U ne présentation efficace pour l’assemblée générale suit un enchaînement précis en cinq blocs : le besoin réel, le diagnostic technique du site, le budget détaillé avec la part individuelle et collective, un calendrier réaliste, et enfin le texte de résolution proposé au vote. Cet ordre n’est pas arbitraire : il répond aux questions dans l’ordre où l’assemblée se les pose naturellement, ce qui réduit le risque de dérive du débat.

Commencer par le besoin, pas par la technique

La première diapositive ou le premier point oral ne doit pas porter sur la marque de borne envisagée, mais sur le besoin réel : combien de copropriétaires sont déjà motorisés en véhicule électrique ou hybride rechargeable, combien envisagent de l’être dans les prochaines années, et quelles places sont concernées. Cette entrée en matière évite l’objection la plus fréquente en début de séance, celle de savoir si le sujet est vraiment prioritaire pour l’immeuble.

Montrer que le site a été vérifié

Le deuxième bloc doit démontrer que la faisabilité technique n’est pas une hypothèse mais un constat vérifié : puissance disponible, état du tableau électrique, contraintes de cheminement dans le parking. Présenter les résultats d’un diagnostic technique réalisé par un installateur qualifié bornes de recharge, même sommaire, rassure l’assemblée sur le sérieux du dossier et évite les questions qui resteraient sans réponse concrète.

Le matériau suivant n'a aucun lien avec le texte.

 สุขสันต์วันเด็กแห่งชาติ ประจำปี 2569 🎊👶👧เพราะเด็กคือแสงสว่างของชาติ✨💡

Séparer ce qui est individuel de ce qui est collectif

Le budget à faire voter en assemblée est le point le plus sensible de toute présentation. Il doit distinguer clairement ce qui reste à la charge individuelle de chaque copropriétaire utilisateur, et ce qui relève de l’investissement collectif pour l’infrastructure commune, comme la colonne électrique dédiée. Cette distinction désamorce l’objection des copropriétaires non utilisateurs qui craignent de payer pour un service qu’ils n’utiliseront pas, en montrant que la part collective bénéficie à l’ensemble de l’immeuble, y compris en termes de valorisation du bien.

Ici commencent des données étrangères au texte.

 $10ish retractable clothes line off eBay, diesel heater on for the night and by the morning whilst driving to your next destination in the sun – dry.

Donner un calendrier réaliste

Un calendrier vague ou trop optimiste génère des questions qui font dévier le débat vers des détails d’exécution qui ne sont pas encore tranchés au moment du vote. Mieux vaut présenter un calendrier avec des étapes larges et des marges explicites (études, raccordement si nécessaire, travaux, mise en service) plutôt qu’une date précise qui ne pourra pas être tenue.

Finir par un texte de résolution clair

La présentation doit se conclure par le texte exact de la résolution qui sera soumise au vote, lisible et projeté ou distribué à l’assemblée. Un débat riche qui n’aboutit pas à un texte précis à voter se termine souvent par un report, faute de formulation prête. C’est ce texte, préparé en amont avec le syndic, qui transforme une présentation convaincante en décision effective.

Anticiper les objections avant qu’elles ne soient posées

Les objections les plus fréquentes portent sur le coût pour les non-utilisateurs, les nuisances pendant le chantier, et l’incertitude sur les aides. Préparer une réponse courte et factuelle à chacune, avant la séance, évite d’improviser en direct et donne à la présentation une crédibilité supplémentaire, en particulier auprès des copropriétaires les plus réticents à convaincre.

Un exemple d’enchaînement en séance

Prenons une copropriété de vingt-cinq lots où six copropriétaires ont exprimé un intérêt pour une borne. La présentation démarre par ce chiffre et la projection à trois ans si la tendance se confirme, avant même de parler de puissance ou de câblage. Vient ensuite le résultat du diagnostic technique réalisé quinze jours plus tôt : la puissance disponible permet d’alimenter huit bornes avec un système de pilotage de charge, sans travaux de raccordement supplémentaires. Le budget qui suit distingue le coût de l’infrastructure collective, à la charge de tous, du coût de chaque borne individuelle, à la charge du copropriétaire qui la demande. Le calendrier propose un démarrage des travaux dans les deux mois suivant le vote, avec une marge de quatre semaines pour les aléas de chantier. La présentation se conclut par le texte de résolution, projeté à l’écran, que les copropriétaires peuvent lire avant de voter.

Cet enchaînement, répété dans cet ordre, laisse peu de place à l’improvisation et réduit sensiblement le risque qu’une question mal anticipée fasse dérailler le vote vers un report.

Ce qu’il ne faut pas faire

Une présentation qui commence directement par le prix, sans avoir d’abord établi le besoin et la faisabilité technique, s’expose à des objections immédiates sur le montant, avant même que l’assemblée comprenne pourquoi le projet est pertinent. De la même façon, une présentation qui multiplie les détails techniques (marque de borne, protocole de communication, options de supervision) avant d’avoir validé le principe du projet perd l’attention de l’assemblée sur des points qui ne sont pas encore ceux à trancher lors du vote initial.